19 Ekim 2010 Salı

sonbahar

evlerin en vazgeçilmez yerleri balkonlar..

istanbul'a taşındığımızda oturduğumuz ev giriş kattı ve çok mendebur bir evsahibimiz vardı. keşke mendebur demeseydim ama çıktı bir kere ağzımdan o da z çektirmedi bize. orda kardeşlerimle hep balkonlu ev hayali kurardık. ve..

bir dört yıl o evde güneşsiz balkonsuz yaşadıktan sonra bizim olan dördüncü katta bolkonlu bir eve taşındık. nerdeyse günün tamamını orada geçirmeye başladım. bir gün orada şahit olduklarımı da yazarım belki..

şimdi başka bir evdeyiz salonu büyük olsun diye balkon feda edildi. yerine çakma bir balkon uydurdu annem çamaşırlar için herhalde yoksa benden etkilendiğini sanmıyorum. artık çok çıkmıyorum balkona. hayatımı evin başka yerlerine odakladım bunu da sosyolojik çıkarımlarla yazarım belki. evdeki mekan analizi...

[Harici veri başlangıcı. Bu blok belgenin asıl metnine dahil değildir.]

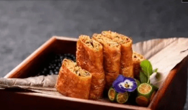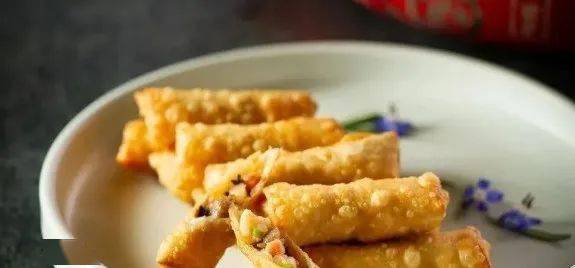 3、将春饼皮平铺,放入馅料卷好,用鸡蛋液封口,下五成热油炸至金黄、表皮起泡,沥油后码盘即可。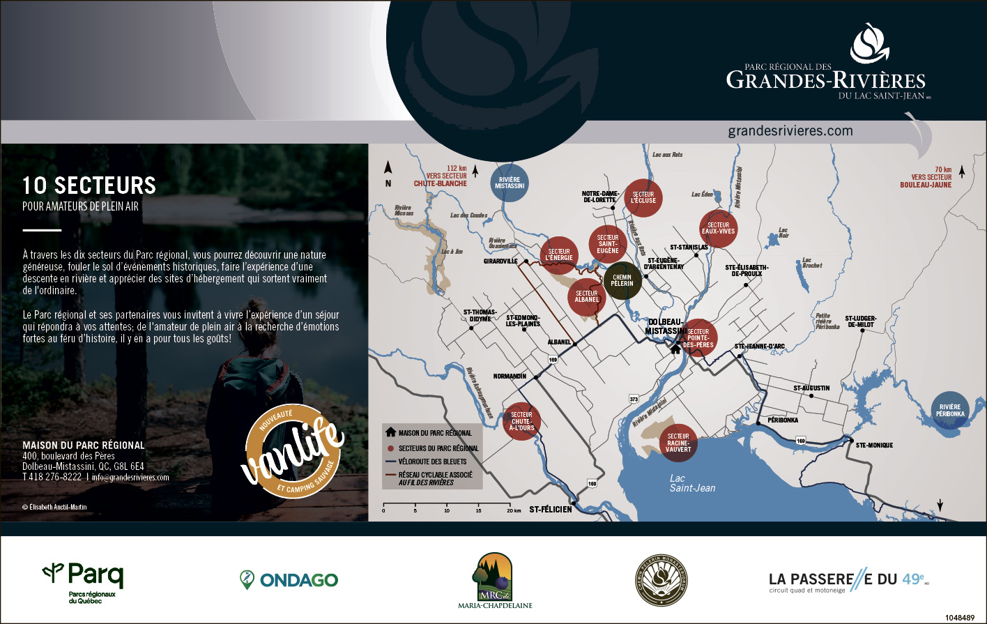 Go-Van, le plus grand réseau de vanlifeurs au Québec, est le partenaire officiel du Parc régional. Réservez en ligne et profitez des sentiers pédestres, toilettes sèches et sites de feu disponibles aux secteurs L’Écluse, Albanel et L’Énergie. Pour le camping sauvage, des sites paisibles aux bords des rivières sont gages de moments de qualité en pleine nature.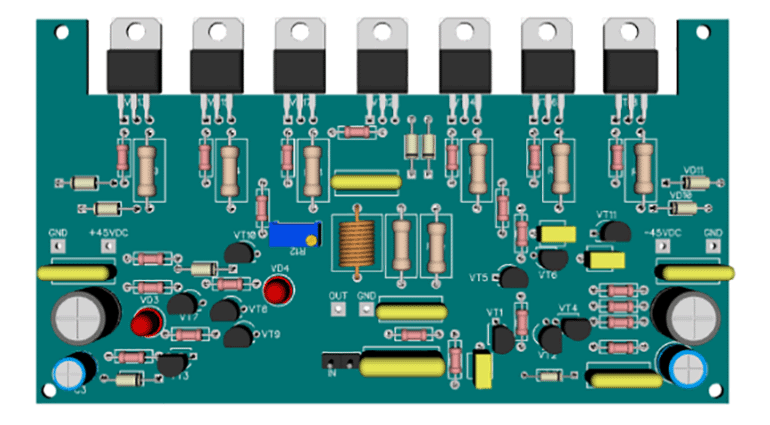В публикации из раздела УМЗЧ представлен мощный усилитель на комплементарных mosfet-транзисторов IRF640/IRF9640 в выходном каскаде, которые включены в параллель. Идея схемы заимствована из журнала «Electronics World» №8/2001. Данные транзисторы имеют корпус TO-220 и для эффективного отвода тепловой энергии одной пары было бы мало для выходных мощностей более 50 Вт. В схеме применены три пары этих транзисторов. Все выходные транзисторы работают в «щадящем» режиме – на максимальных мощностях ток через каждую пару не превышает 1 А, а выделяется на каждом из транзисторов не более 16 Вт, при этом начальный ток (ток покоя) составляет 50 мА через каждую пару, а общий соответственно 150 мА. Несмотря на относительно большую выходную мощность – 160 Вт и низкий коэффициент гармонических искажений, который при номинальной выходной мощности на частоте 1 кГц равен 0,005%, а в диапазоне от 20…20000 Гц не превышает 0,015%, схема довольно проста, легко повторима и не требует какой-то особой наладки.

ve bugün günlerdir kendime zehrettiğim hayatın, sanki benim değilmiş gibi yaşadığım anlarından birinde kendimi balkonda buldum. üşümüyordum !..

sağa sola baktıktan sonra oturdum sandalyeye güneş tam karşımda sevindim desem yeri. o aydınlığa vurdum kafayı mermerin üzerinde neredeyse bir saat kafamı hiç kaldırmadan yattım. uyudum mu bilemiyorum. sokağın sesleri kulağımdaydı kalkıp eve girdiğimde. içim ışımış.